Article repost from NBC News
If you like shooting stars, you’re in luck. The annual Lyrid meteor shower got going this year on Monday, April 16 and is expected to peak in the early morning on Sunday, April 22.
This long-exposure photograph taken on April 23, 2015 on Earth Day shows Lyrids meteors shower passing near the Milky Way in the clear night sky of Thanlyin, nearly 14 miles away from Yangon.Ye Aung Thu / AFP – Getty Images file
“Take in as much sky as you can,” Bill Cooke, a meteor expert at NASA’s Marshall Space Flight Center in Huntsville, Alabama, told NBC News MACH in an email.

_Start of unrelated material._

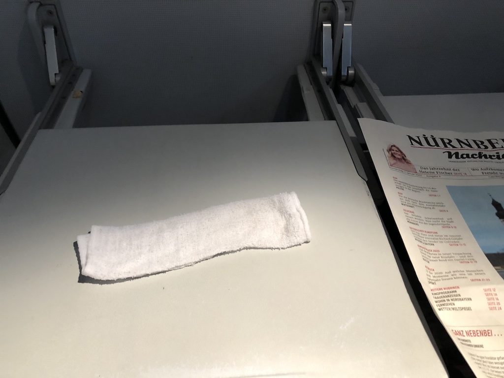 Während der Service in der Galley vorbereitet wurde, reichte uns eine Flugbegleiterin ein heißes Tuch. In der Economy Class gibt es den Bordservice nur gegen Cash, das Angebot erschien angemessen. In der Business Class war alles inklusive, das breite Sortiment beinhaltete auch Champagner und wurde sehr gut angenommen.

Like all meteor showers, the Lyrids are caused by fast-moving bits of space debris that create bright streaks when they collide with Earth’s atmosphere and burn up. In this case, the debris comes from a comet known as C/1861 G1 Thatcher (Comet Thatcher for short) as it orbits the sun.
The Lyrids aren’t as spectacular as the Perseids, which return each August. But with the first recorded sighting of the Lyrids going all the way back to 687 B.C., they’re the oldest known meteor shower.
Skywatchers should expect an average display this time, Cooke said. Though the Lyrids have been known to produce up to 90 meteors per hour, this year most people should expect to see about 10 per hour.